The rocky planet, dubbed GJ 1132b, is Earth-sized and rocky, MIT reported. It is orbiting a star only 39 light years away, which is considered basically next door to our own solar system. The planet is so close by that scientists are optimistic we will be able to learn more about it than any previously known planet. GJ 1132b is a scorching 500 degrees Fahrenheit, and is almost certainly not hospitable for liquid water or life, but could still have a substantial atmosphere.
"If we find this pretty hot planet has managed to hang onto its atmosphere over the billions of years it's been around, that bodes well for the long-term goal of studying cooler planets that could have life," said Zachory Berta-Thompson, a postdoc in MIT's Kavli Institute for Astrophysics and Space Research. "We finally have a target to point our telescopes at, and [can] dig much deeper into the workings of a rocky exoplanet, and what makes it tick."
The scientists discovered the planet using the MEarth-South Observatory, a Harvard University-led array of eight 40-centimeter-wide robotic telescopes in the mountains of Chile. Based on the size and proximity of the planet compared to its star, the researchers were able to determine its high temperatures.
"The temperature of the planet is about as hot as your oven will go, so it's like burnt-cookie hot," Berta-Thompson said. "It's too hot to be habitable-there's no way there's liquid water on the surface. But it is a lot cooler than the other rocky planets that we know of."
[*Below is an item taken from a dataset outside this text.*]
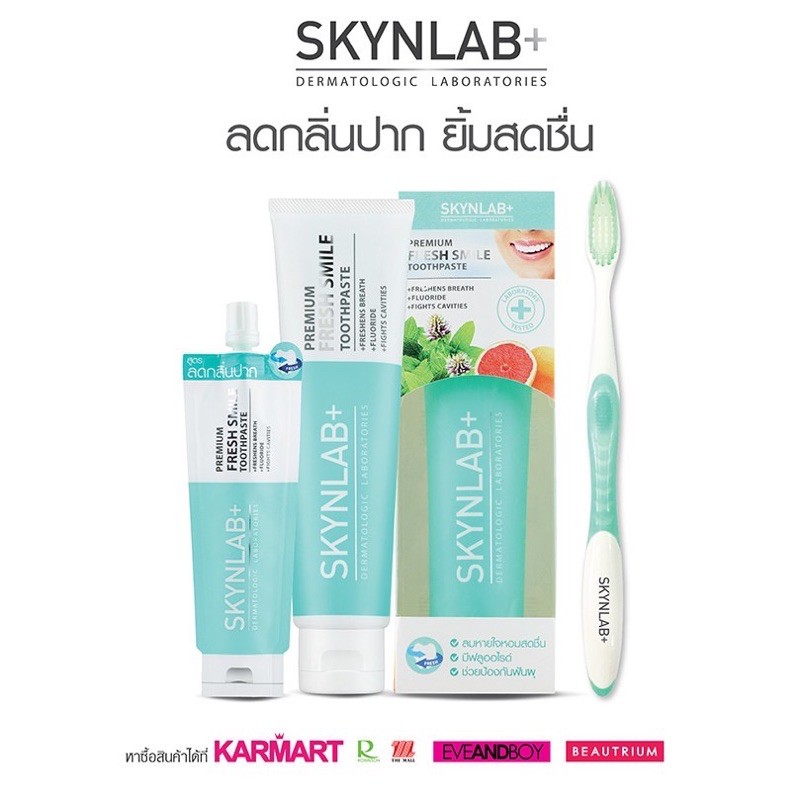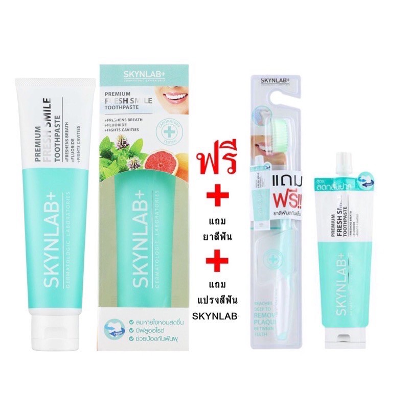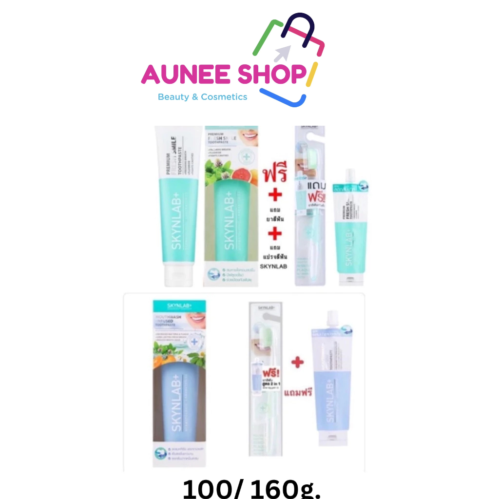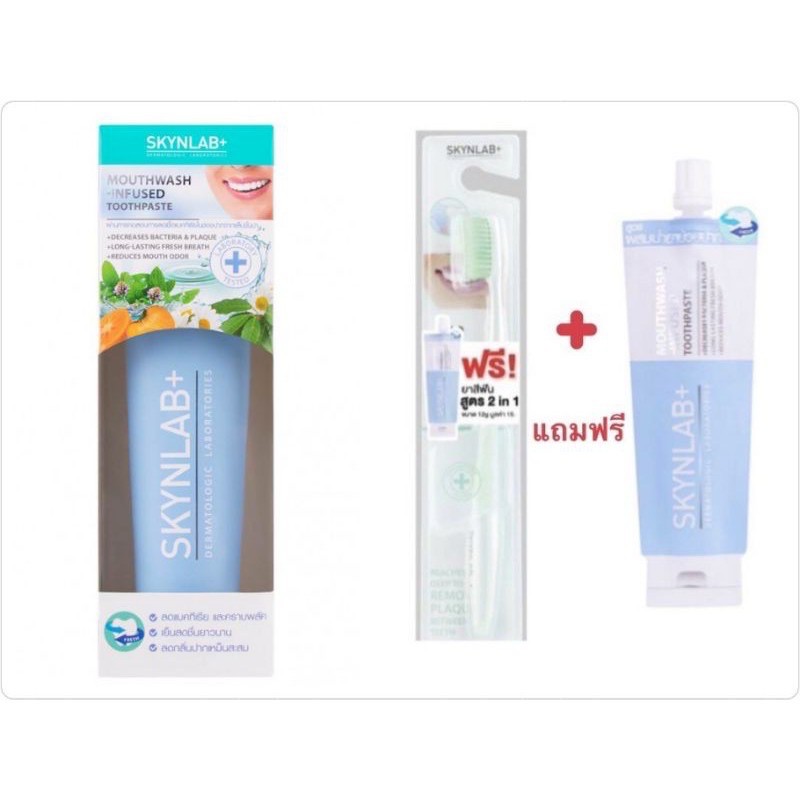 ส่งฟรี/มีไลฟ์ ยาสีฟัน สกินแล๊ป 2 สูตร SKYNLAB+ Mouthwash Infused /Premium Fresh Smile Toothpaste 100/160g

Most known rocky exoplanets are thousands of degrees and too hot to host any type of atmosphere. This new finding is exciting because it could provide key insights into the atmospheres of exoplanets.
"We think it's the first opportunity we have to point our telescopes at a rocky exoplanet and get that kind of detail, to be able to measure the color of its sunset, or the speed of its winds, and really learn how rocky planets work out there in the universe," Berta-Thompson says. "Those will be exciting observations to make."
The findings were published in a recent edition of the journal Nature.